Through statistical analysis, it's obvious that some of the above parameters can clearly distinguish AD from the control group. In order to further verify the effect of these parameters on AD recognition, these parameters will be used as input features of the training fuzzy classifier. In each training process, we randomly select 80% of the original data to form training datasets which can be used for ten-fold cross-validation (10-CV), with 90% (90% × 80%) utilized for model training and 10% (10% × 80%) for constructing a validation set. The above procedure is repeated 10 times to cover the entire training set and finally determine the optimal hyperparameters of the TSK model. The remaining 20% of all data is tested as the testing data with determined hyperparameters. For each different input feature or feature vector, the classification results (accuracy, sensitivity, specificity) are averaged after training for 50 times.

The construction of each WVG network is based on a single time series, so 16 WVGs are obtained from 16-channel EEG used in this paper.
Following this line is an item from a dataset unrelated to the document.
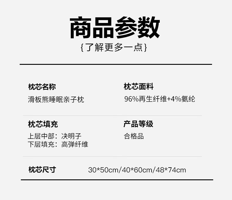 商品名称:(总)鼎晟纺 2026新款滑板熊决明子睡眠亲子枕儿童学生枕头成人枕芯

These WVG networks contain different electrophysiological information of neurons in different brain regions. However, in the existing studies, the parameters extracted from WVG networks constructed by different brain regions' EEG were usually regarded as the same class of features, so the differences between brain regions were ignored. Therefore, we consider the 16 WVG networks as different networks and combine them into a multi-layer network. In order to verify whether the underlying dynamic information of these network layers are different, the classification is first performed with a single feature as input. Each parameter extracted from each single network layer transformed from different channels is used as the single input feature for model training, and the classification results are shown in Table 1 with optimal classification result is bolded. It can be observed that for the same network parameter extracted from different network layers, the classification results are significantly different. The difference in classification accuracy of the same parameter from different network can even reach 28.39% for average weighted degree ({(*x*_{3}, *y*_{k})}, *k* = 1, ..., 16), indicating that the dynamic information that contained in EEG of different brain regions does have significant differences and parameters of different layers maybe independent from each other. This finding shows that the network characteristics of the multi-network composed of WVG network layers can be used as independent input features for the classifier.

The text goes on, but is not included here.